Rindu Dimurthala
Sepak bola Aceh tak hanya soal bakat dan gairah anak muda di lapangan kampung, tetapi juga tentang mereka yang membangun fondasi sejarahnya. Salah satu nama yang tak boleh dilupakan dalam mozaik kejayaan itu adalah H. Dimurthala.
HUJAN mengguyur Lampineung di ujung pekan. Sebuah stadion berdiri di sana. Lapangan itu cukup punya nama dalam sejarah sepak bola Aceh: Stadion H. Dimurthala. Dari situlah, nama Aceh pernah menggema ke penjuru Nusantara.
Kini, stadion itu lebih banyak diam. Meski tak sampai menjadi bangunan terbengkalai, aura magisnya memudar. Tak terdengar lagi teriakan “lantak laju!” yang dahulu membahana, tertelan riuh hujan dan waktu.

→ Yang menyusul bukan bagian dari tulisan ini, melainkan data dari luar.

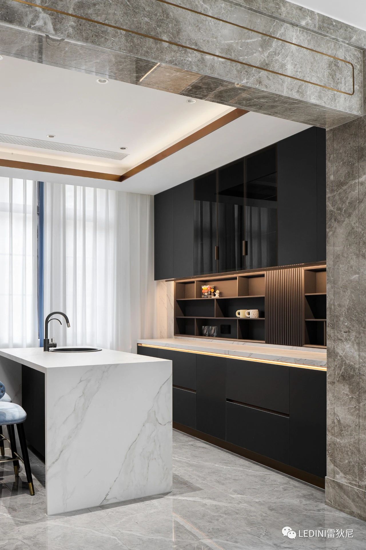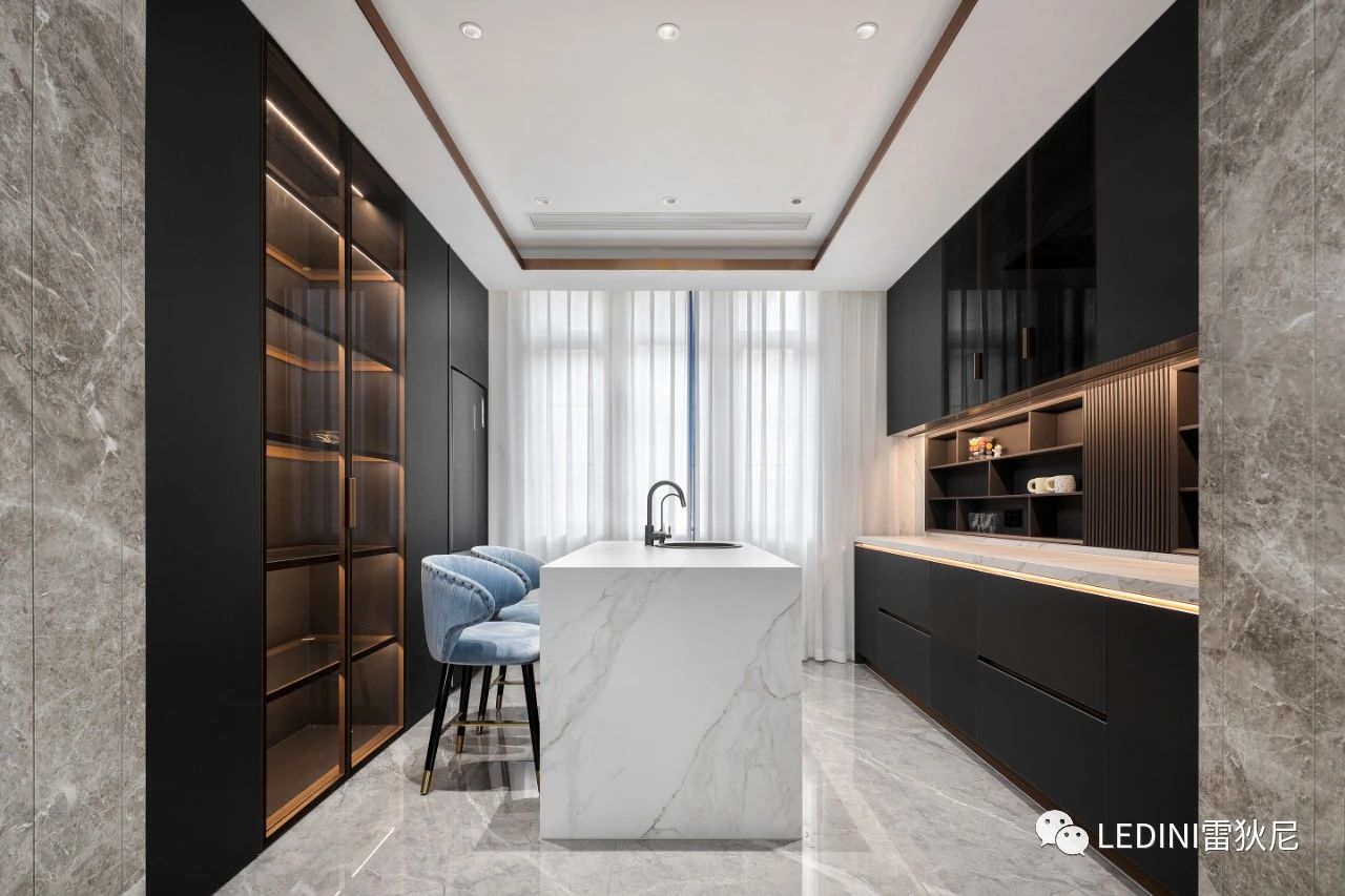 本案中,設計師主要選用雷狄尼進口烤漆搭配天然的大理石紋,

Padahal dua bulan lagi, lapangan itu harus siap. Kompetisi Divisi Utama Liga Indonesia menanti, tepatnya 19 Februari 2015. Tapi roda Persiraja kini seperti kehilangan taring. Seakan ajal tinggal menunggu waktu.
“Kalau kondisinya begini, sulit menyelamatkan Persiraja,” keluh Asri Soelaiman, mantan pejabat Dinas Pemuda dan Olahraga Aceh, yang sejak Agustus lalu menjabat Ketua Umum Persiraja Banda Aceh.
Keluhan Asri beralasan. Memimpin klub bersejarah ini seperti menggenggam bara. Sebelum dia, tak ada tokoh yang berani ambil risiko. Masalah klasik: keuangan. “Hana peng — tak ada duit,” kata mereka.
Pemerintah Kota Banda Aceh pun enggan campur tangan. Meski masih tercatat sebagai “pemilik” sah, aturan melarang dana pemerintah digunakan untuk klub profesional. Maka amanlah wajah para pejabat dari kemarahan pecinta bola.
“Dulu, Pemko memberi dana melalui APBD. Tapi sejak ada larangan dari Menteri Dalam Negeri, mereka tak peduli lagi,” ujar Asri. Larangan itu tertuang dalam Permendagri No. 22 Tahun 2011: dana publik tak boleh untuk klub profesional.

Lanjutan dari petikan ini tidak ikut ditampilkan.